## [Task]
The data is to be repeated exactly, with the images removed.

(Items from a dataset)
::::

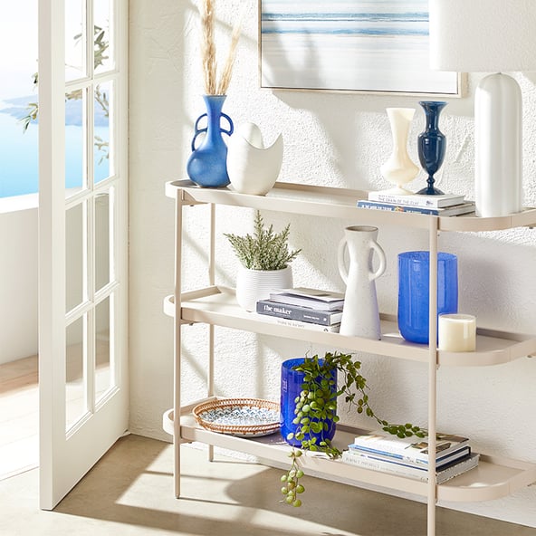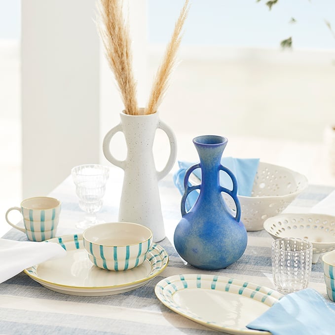 Be inspired by the glittering expanse of the ocean and add sea blues to your home. Perfect for adding pops of vibrant colour to your space, jewel-bright blues are perfect for breaking up lots of white and beige. Choose plain blue pieces like block-colour towels and glass vases to create a striking look that draws the eye. Consider adding the blue vases to your outdoor table at your next dinner party. We love scattering blue throughout the home in decor pieces, wall art, and especially in bedlinen. Create visual interest by playing around with darker navy shades and pieces in matte ceramic.
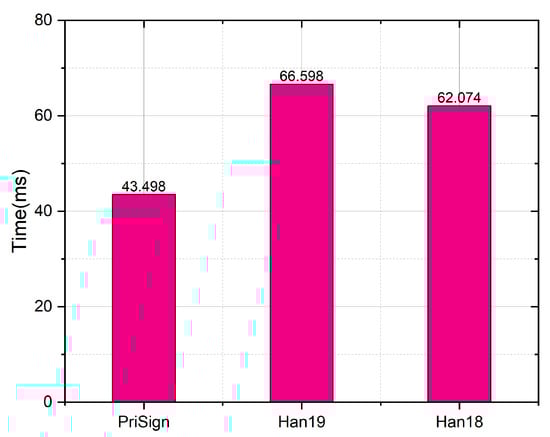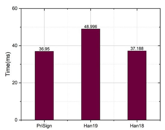 As shown in Figure 18, we compared the Verify algorithm in our system with the systems in [8,9]. The computational overheads are 59.3 ms, 29.1 ms, and 38.7 ms, respectively, for our system and the systems in [8,9]. Although our system has a higher computational cost due to its support for token-hiding, the execution efficiency is nonetheless at the same level as the systems in [8,9], making it suitable for real-world applications.
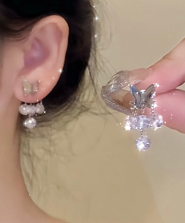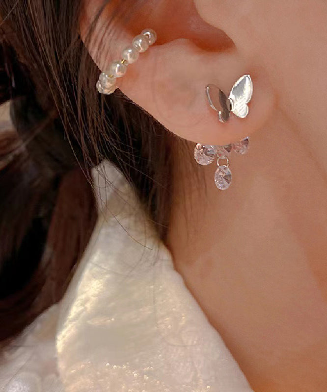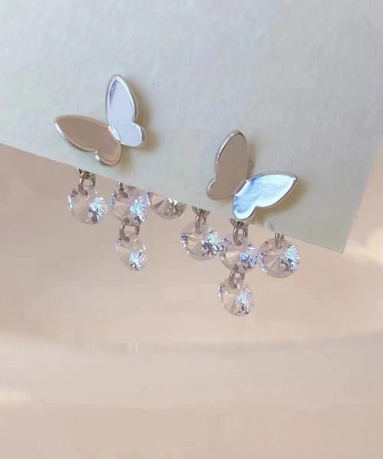 Original Design Silk Metal Zircon Butterfly Stud Earrings
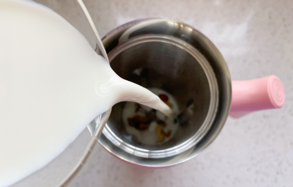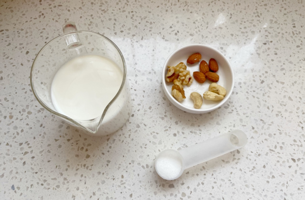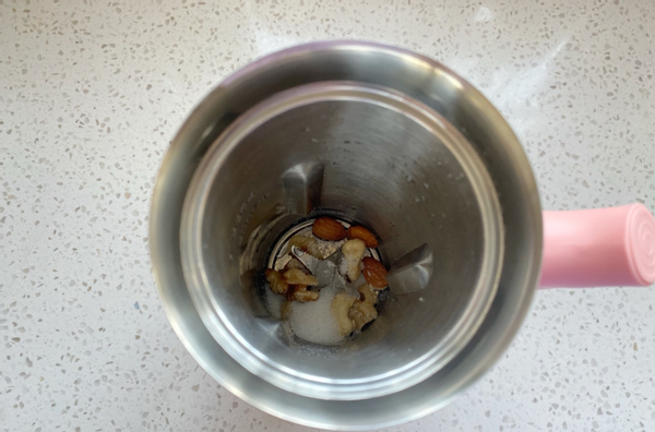 核桃仁5克,杏仁5克,细砂糖8克,腰果5克,牛奶280克。
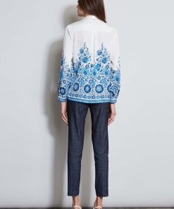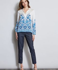 Our Cascade Garden Print speaks of a new season. This femme take on a classic button down shirt takes a playful turn in our engineered floral print. Designed in Silk Georgette with long sleeves, it’s perfect for pairing with our designer denim jean. This collector ‘s piece is a fun departure from the everyday solid button down.
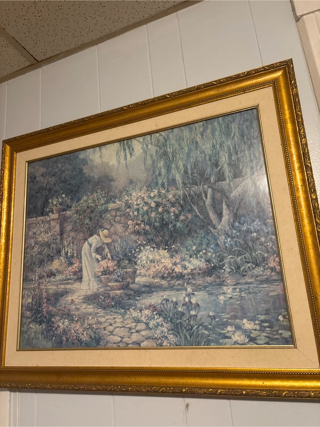 A beautiful framed print of a serene garden scene with a woman tending to flowers. The artwork features a tranquil pond with lily pads and a weeping willow tree. It's housed in an ornate gold-colored frame.
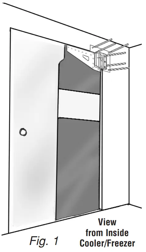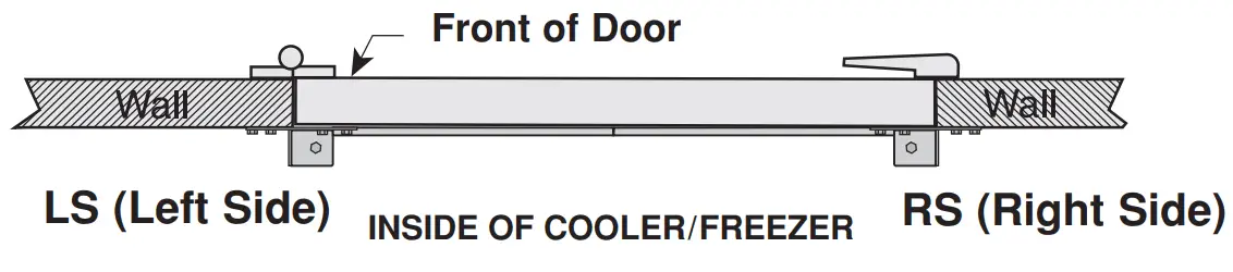 | CAUTION: Make sure that the door jamb is strong enough to support the weight and force of the door. If questionable, check with cooler/freezer manufacturer. |

::::

## [Solution to the problem]
 Be inspired by the glittering expanse of the ocean and add sea blues to your home. Perfect for adding pops of vibrant colour to your space, jewel-bright blues are perfect for breaking up lots of white and beige. Choose plain blue pieces like block-colour towels and glass vases to create a striking look that draws the eye. Consider adding the blue vases to your outdoor table at your next dinner party. We love scattering blue throughout the home in decor pieces, wall art, and especially in bedlinen. Create visual interest by playing around with darker navy shades and pieces in matte ceramic.
 As shown in Figure 18, we compared the Verify algorithm in our system with the systems in [8,9]. The computational overheads are 59.3 ms, 29.1 ms, and 38.7 ms, respectively, for our system and the systems in [8,9]. Although our system has a higher computational cost due to its support for token-hiding, the execution efficiency is nonetheless at the same level as the systems in [8,9], making it suitable for real-world applications.
 Original Design Silk Metal Zircon Butterfly Stud Earrings
 核桃仁5克,杏仁5克,细砂糖8克,腰果5克,牛奶280克。
 Our Cascade Garden Print speaks of a new season. This femme take on a classic button down shirt takes a playful turn in our engineered floral print. Designed in Silk Georgette with long sleeves, it’s perfect for pairing with our designer denim jean. This collector ‘s piece is a fun departure from the everyday solid button down.
 A beautiful framed print of a serene garden scene with a woman tending to flowers. The artwork features a tranquil pond with lily pads and a weeping willow tree. It's housed in an ornate gold-colored frame.
 | CAUTION: Make sure that the door jamb is strong enough to support the weight and force of the door. If questionable, check with cooler/freezer manufacturer. |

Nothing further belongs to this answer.